American Christian singer-songwriter (born 1999)

Riley Elizabeth Clemmons is an American singer and songwriter, who plays Christian pop style contemporary worship music. She is known for her Christian radio hits, "Broken Prayers" and "Better for It" from her debut self-titled album via American music distributor Capitol CMG on August 3, 2018. On September 22, 2023, she released her third studio album called, Church Pew, with singles, "Loved by You" and "Miracle".

She has accumulated over half a billion global streams and over 105 million YouTube video views. A Nashville native who is an accomplished composer, performer, producer, and recording artist, Riley draws inspiration from life experiences.

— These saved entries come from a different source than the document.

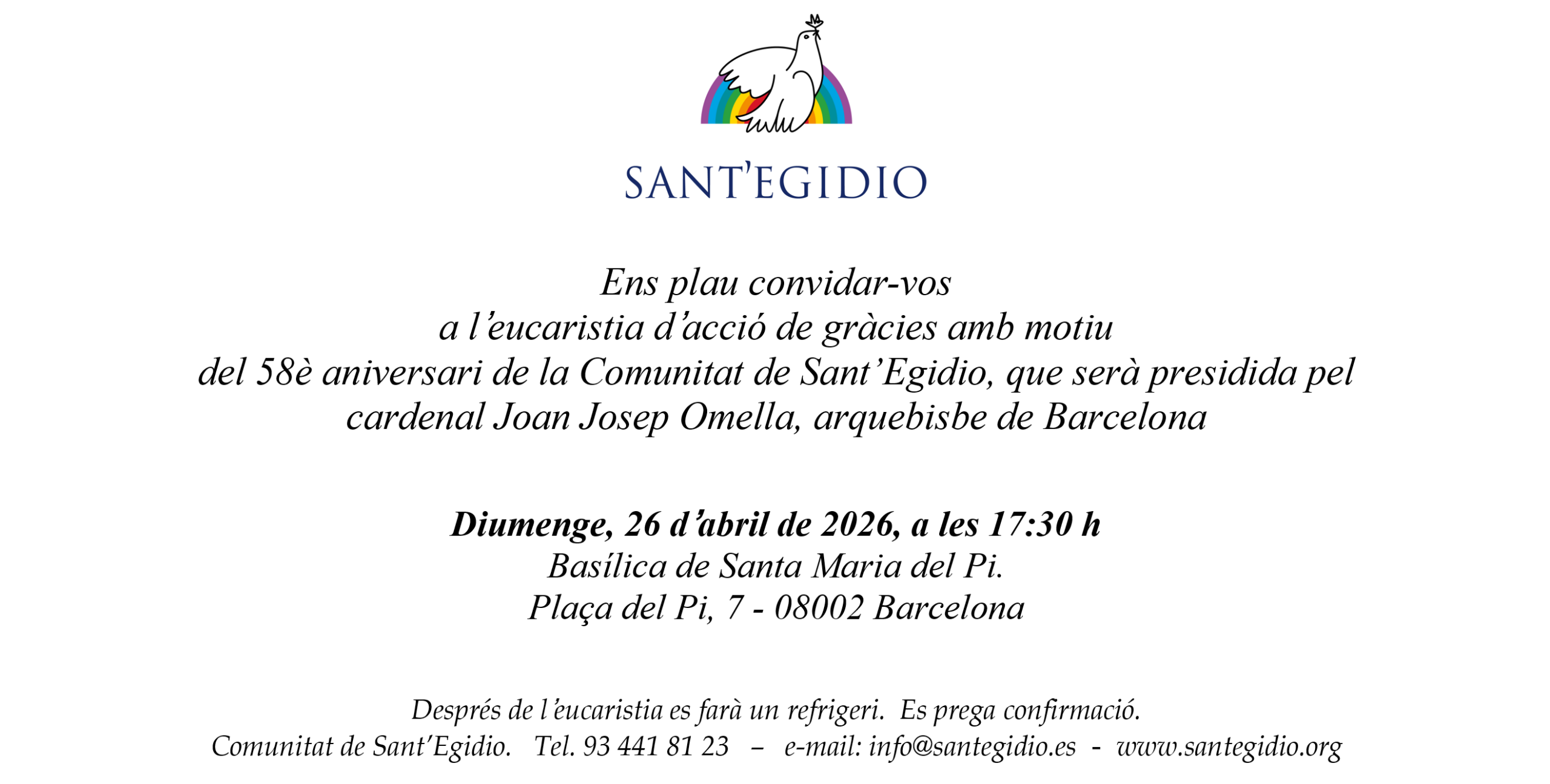 amb joia ens plau convidar-te a l’eucaristia d’acció de gràcies en motiu del 58è aniversari de la Comunitat de Sant’Egidio, que serà presidida pel cardenal Joan Josep Omella, arquebisbe de Barcelona.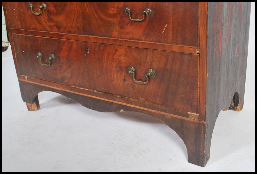 A 19th century Georgian mahogany inlaid chest of drawers having brass swan neck handles with straight 4 configuration with flared inlaid flame mahogany top above. Measures: 78cm high x 102cm wide x 50cm deep.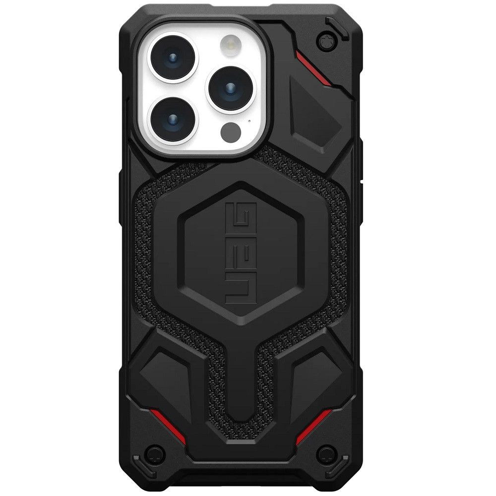 Apple iPhone 15 Pro, Műanyag hátlap védőtok, szilikon belső, közepesen ütésálló, Magsafe töltővel kompatibilis, textil minta, kevlár borítás, UAG Monarch Pro Kevlar, mintás/fekete részletes leírása
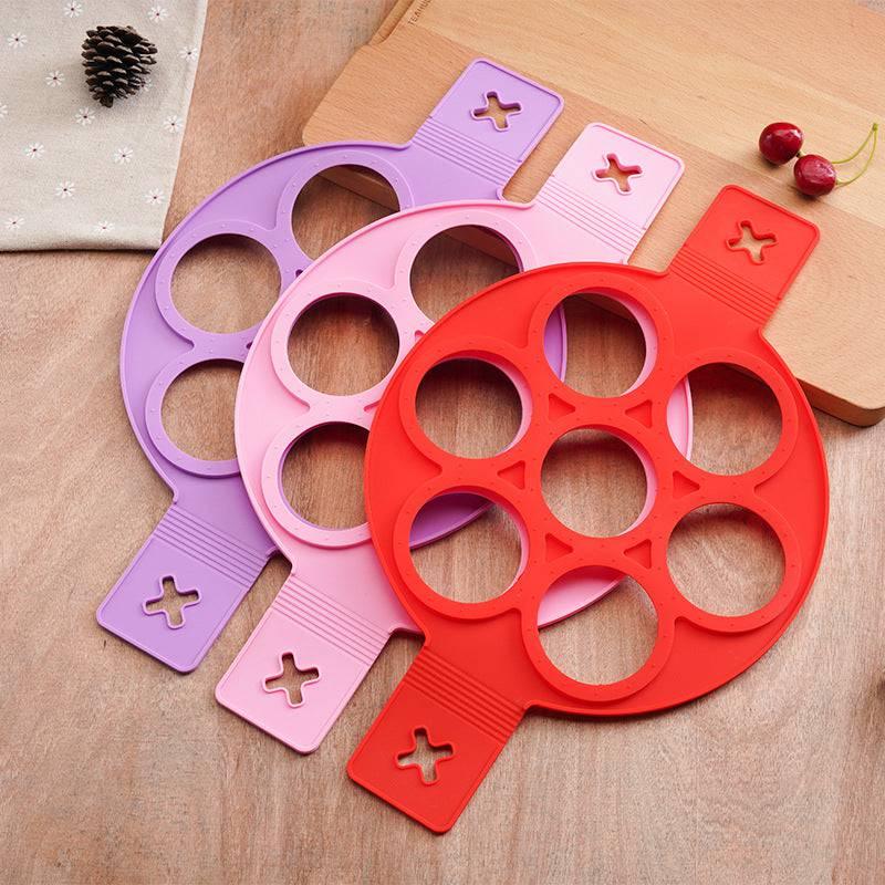 This Nonstick Pancake Mold has 7 round rings, separate food from each ring which diameter is 3in, fantastic fast way to make perfect sized pancakes.

==Early and personal life==
Riley Clemmons was noticed at a school pageant in Nashville by manager, Mitchell Solarek. She would begin writing songs at the age of 13 and played shows around her hometown. She has worked on her musical craft for several years, including eight years of vocal lessons and a decade of dance lessons. She is currently signed to Capitol CMG.

==Music career==
In 2015, Clemmons signed to the independent label, Maxx Recordings. Her lyrics are inspired by the struggles of her relationships and faith. She wants to use her music to encourage her generation.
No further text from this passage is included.